'''

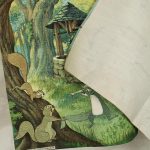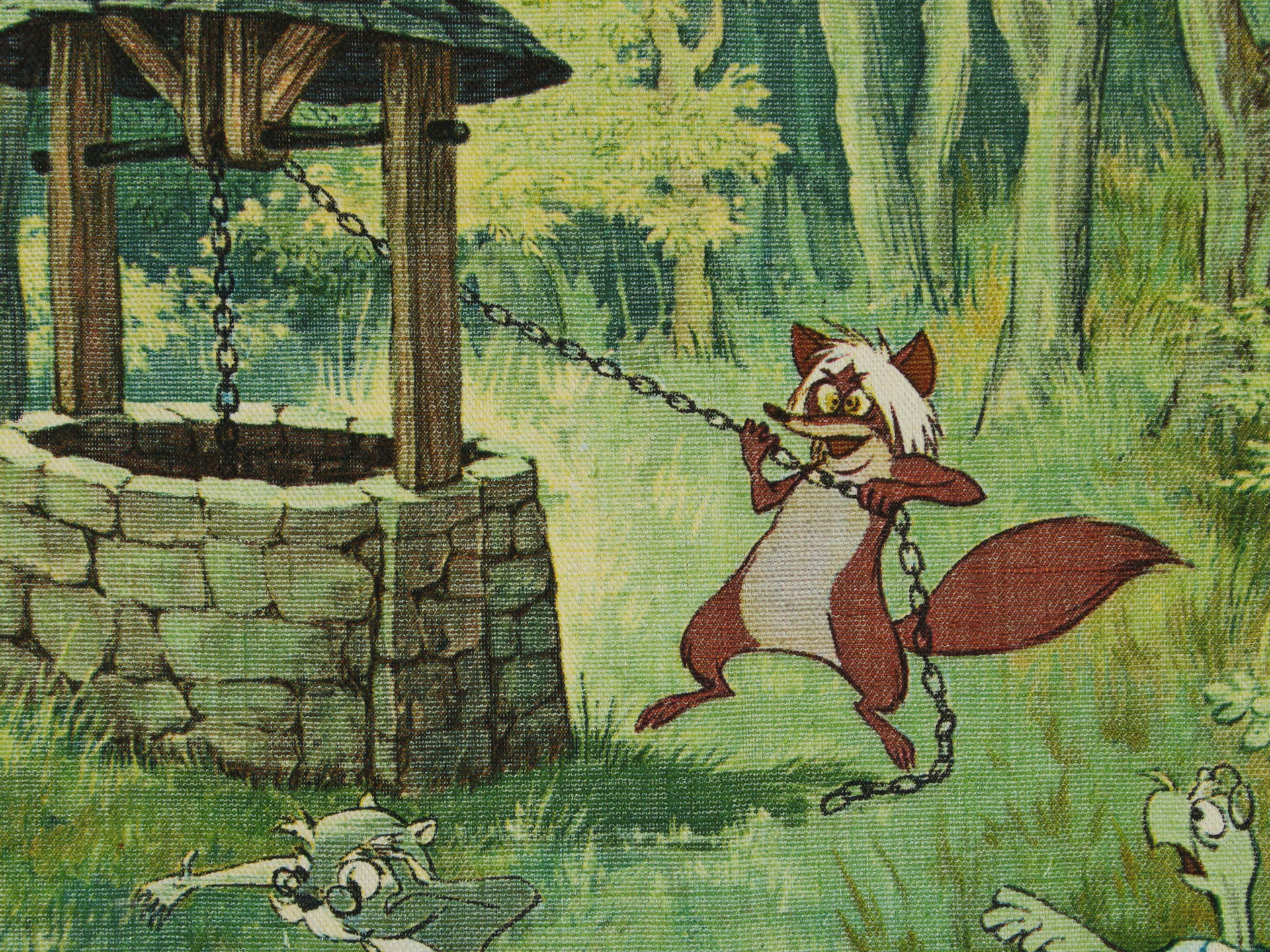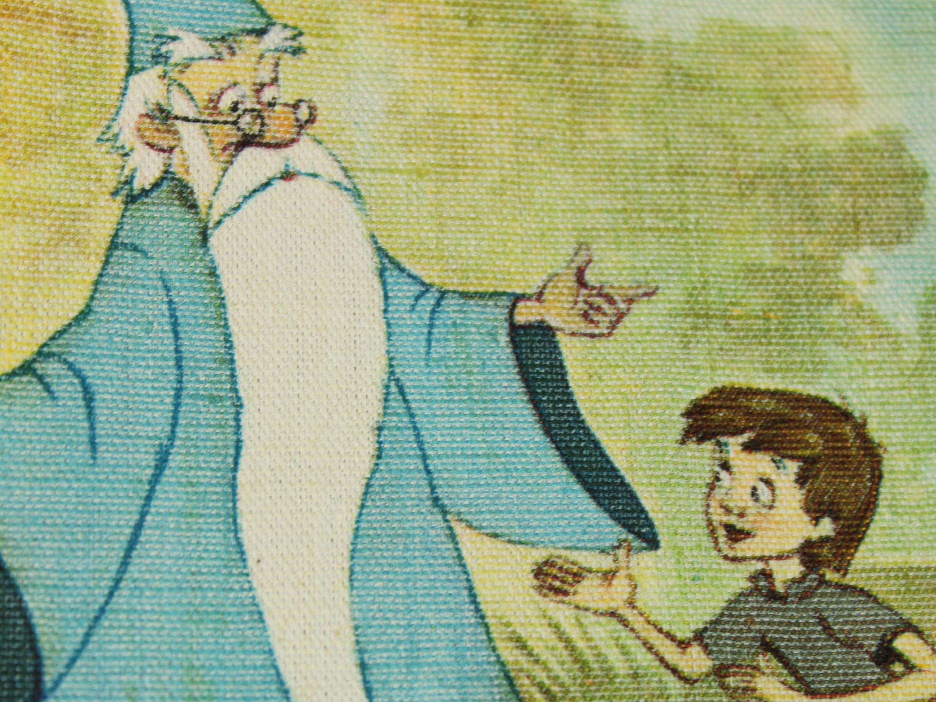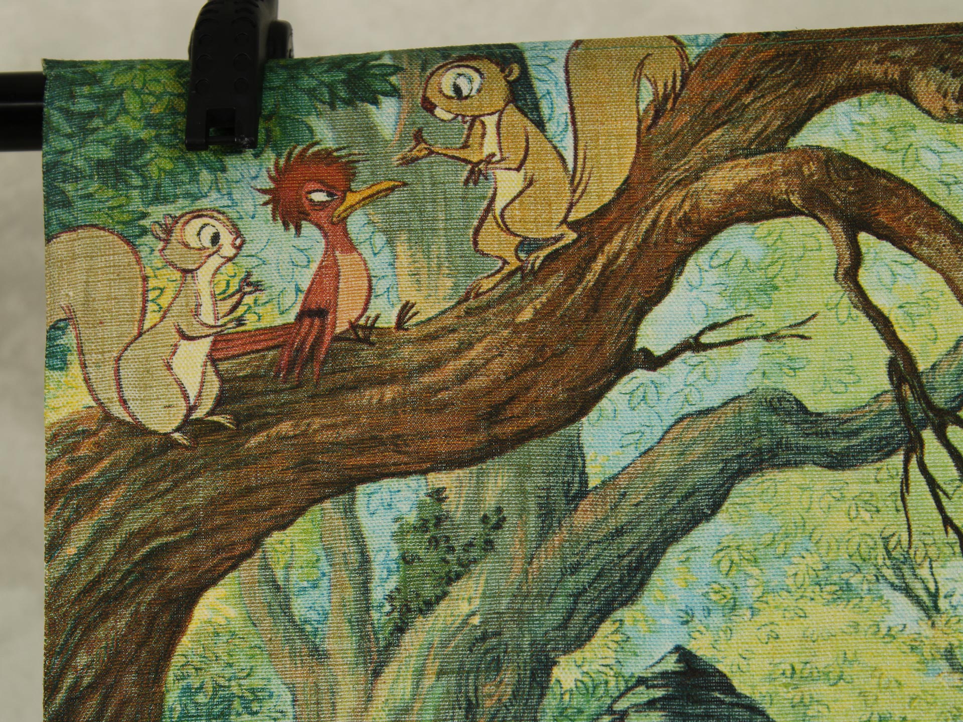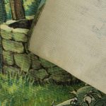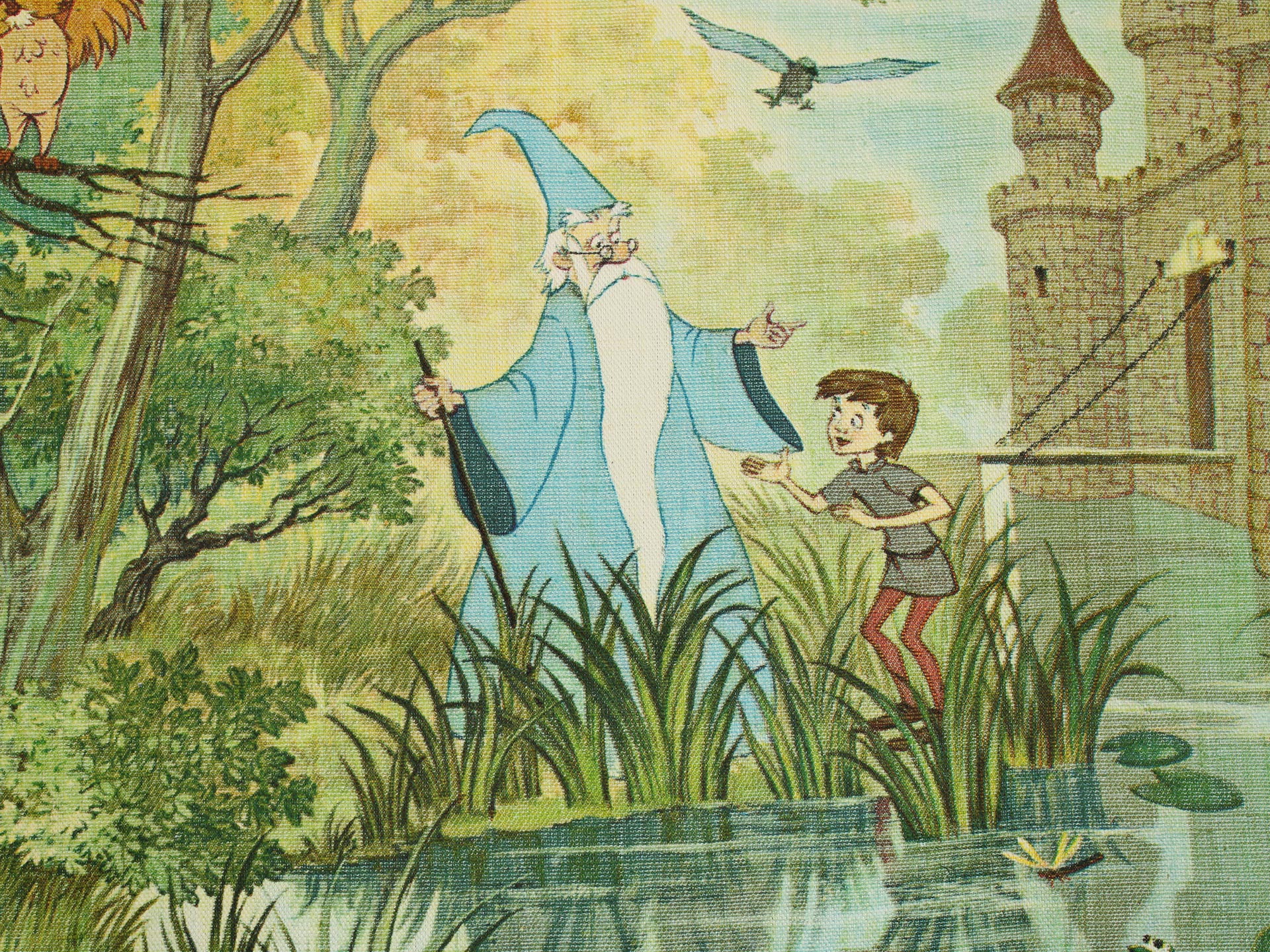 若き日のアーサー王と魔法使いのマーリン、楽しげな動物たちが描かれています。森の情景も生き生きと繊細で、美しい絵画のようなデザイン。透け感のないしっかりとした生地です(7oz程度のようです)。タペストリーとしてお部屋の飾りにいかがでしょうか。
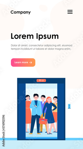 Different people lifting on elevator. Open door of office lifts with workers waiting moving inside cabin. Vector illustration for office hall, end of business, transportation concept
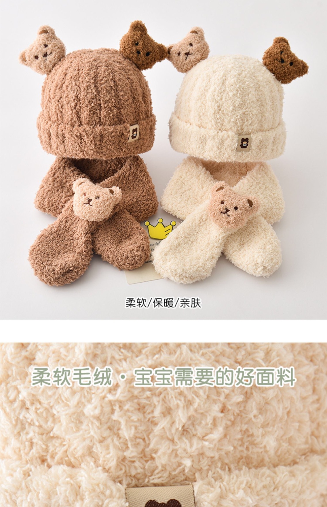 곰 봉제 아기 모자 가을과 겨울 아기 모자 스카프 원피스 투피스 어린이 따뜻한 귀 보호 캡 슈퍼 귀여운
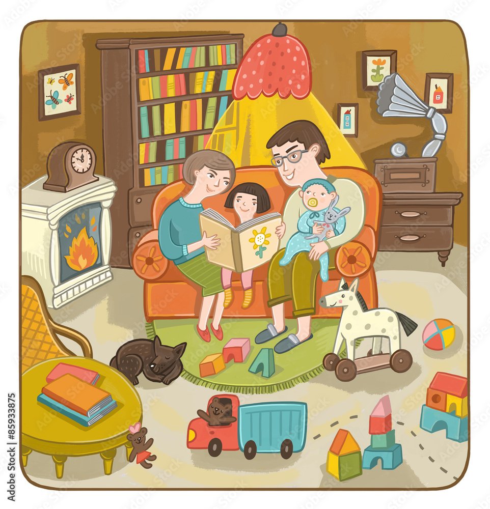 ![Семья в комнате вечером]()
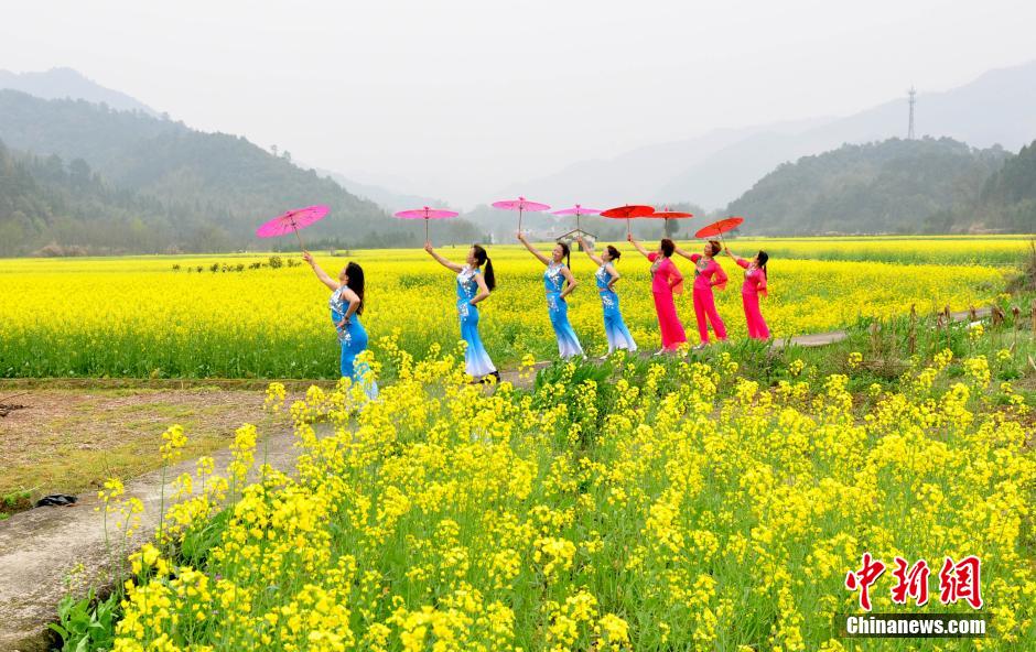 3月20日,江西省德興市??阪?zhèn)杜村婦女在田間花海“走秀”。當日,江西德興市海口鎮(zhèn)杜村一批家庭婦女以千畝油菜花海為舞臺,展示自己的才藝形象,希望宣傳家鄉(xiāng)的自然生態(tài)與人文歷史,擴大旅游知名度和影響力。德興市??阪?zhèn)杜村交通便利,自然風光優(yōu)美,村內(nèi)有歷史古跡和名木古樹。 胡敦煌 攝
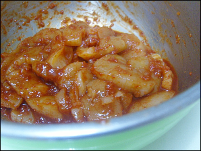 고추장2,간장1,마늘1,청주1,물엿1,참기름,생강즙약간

'''

- What you will do -
Everything from the first line of the records through the line containing "Different people lifting" should be repeated exactly, with the pictures left out.

- Solution to this problem -
 若き日のアーサー王と魔法使いのマーリン、楽しげな動物たちが描かれています。森の情景も生き生きと繊細で、美しい絵画のようなデザイン。透け感のないしっかりとした生地です(7oz程度のようです)。タペストリーとしてお部屋の飾りにいかがでしょうか。
 Different people lifting on elevator. Open door of office lifts with workers waiting moving inside cabin. Vector illustration for office hall, end of business, transportation concept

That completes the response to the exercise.